• [ACTION ITEM]
Everything from the line containing "Комплект женского нижнего" to the end of the material, both ends included, should be repeated exactly; please give only those lines.

◇ ◇ ◇ ◇

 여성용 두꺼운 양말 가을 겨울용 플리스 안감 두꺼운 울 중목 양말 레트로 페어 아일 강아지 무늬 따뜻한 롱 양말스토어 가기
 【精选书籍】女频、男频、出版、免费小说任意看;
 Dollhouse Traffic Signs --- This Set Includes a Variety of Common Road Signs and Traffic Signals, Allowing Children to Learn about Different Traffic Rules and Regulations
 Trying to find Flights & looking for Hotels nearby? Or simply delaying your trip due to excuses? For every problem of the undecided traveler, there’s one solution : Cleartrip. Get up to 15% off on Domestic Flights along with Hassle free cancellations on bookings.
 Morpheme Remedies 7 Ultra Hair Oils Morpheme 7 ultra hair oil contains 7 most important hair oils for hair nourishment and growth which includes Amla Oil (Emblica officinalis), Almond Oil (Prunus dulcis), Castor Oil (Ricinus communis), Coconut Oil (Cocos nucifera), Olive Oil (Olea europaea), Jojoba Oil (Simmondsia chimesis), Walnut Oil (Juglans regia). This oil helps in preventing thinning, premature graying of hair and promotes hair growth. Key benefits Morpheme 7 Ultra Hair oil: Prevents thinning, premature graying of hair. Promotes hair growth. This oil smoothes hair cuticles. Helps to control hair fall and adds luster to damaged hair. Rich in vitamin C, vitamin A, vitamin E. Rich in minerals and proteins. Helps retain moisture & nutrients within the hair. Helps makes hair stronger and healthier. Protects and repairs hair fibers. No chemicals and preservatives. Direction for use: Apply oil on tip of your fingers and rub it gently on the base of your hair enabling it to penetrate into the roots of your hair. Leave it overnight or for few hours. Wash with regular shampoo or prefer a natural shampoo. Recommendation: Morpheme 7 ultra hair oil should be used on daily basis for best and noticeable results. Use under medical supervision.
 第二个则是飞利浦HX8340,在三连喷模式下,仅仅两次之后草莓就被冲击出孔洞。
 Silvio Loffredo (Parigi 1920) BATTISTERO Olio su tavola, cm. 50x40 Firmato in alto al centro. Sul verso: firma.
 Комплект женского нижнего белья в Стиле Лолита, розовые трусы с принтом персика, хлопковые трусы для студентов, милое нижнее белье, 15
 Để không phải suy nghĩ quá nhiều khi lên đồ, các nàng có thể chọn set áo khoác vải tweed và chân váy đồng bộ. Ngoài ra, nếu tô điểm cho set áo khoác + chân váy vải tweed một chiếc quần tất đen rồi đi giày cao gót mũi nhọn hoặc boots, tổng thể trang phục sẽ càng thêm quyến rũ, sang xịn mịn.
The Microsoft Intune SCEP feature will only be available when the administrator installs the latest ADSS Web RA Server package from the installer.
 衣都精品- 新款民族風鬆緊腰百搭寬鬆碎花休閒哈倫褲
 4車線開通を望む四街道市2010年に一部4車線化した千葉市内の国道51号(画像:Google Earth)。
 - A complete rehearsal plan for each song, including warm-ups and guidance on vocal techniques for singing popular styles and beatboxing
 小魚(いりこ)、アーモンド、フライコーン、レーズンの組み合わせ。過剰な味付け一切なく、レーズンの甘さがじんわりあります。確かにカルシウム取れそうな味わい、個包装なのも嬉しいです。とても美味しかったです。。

◇ ◇ ◇ ◇

• [FINISHED EXERCISE]
 Комплект женского нижнего белья в Стиле Лолита, розовые трусы с принтом персика, хлопковые трусы для студентов, милое нижнее белье, 15
 Để không phải suy nghĩ quá nhiều khi lên đồ, các nàng có thể chọn set áo khoác vải tweed và chân váy đồng bộ. Ngoài ra, nếu tô điểm cho set áo khoác + chân váy vải tweed một chiếc quần tất đen rồi đi giày cao gót mũi nhọn hoặc boots, tổng thể trang phục sẽ càng thêm quyến rũ, sang xịn mịn.
The Microsoft Intune SCEP feature will only be available when the administrator installs the latest ADSS Web RA Server package from the installer.
 衣都精品- 新款民族風鬆緊腰百搭寬鬆碎花休閒哈倫褲
 4車線開通を望む四街道市2010年に一部4車線化した千葉市内の国道51号(画像:Google Earth)。
 - A complete rehearsal plan for each song, including warm-ups and guidance on vocal techniques for singing popular styles and beatboxing
 小魚(いりこ)、アーモンド、フライコーン、レーズンの組み合わせ。過剰な味付け一切なく、レーズンの甘さがじんわりあります。確かにカルシウム取れそうな味わい、個包装なのも嬉しいです。とても美味しかったです。。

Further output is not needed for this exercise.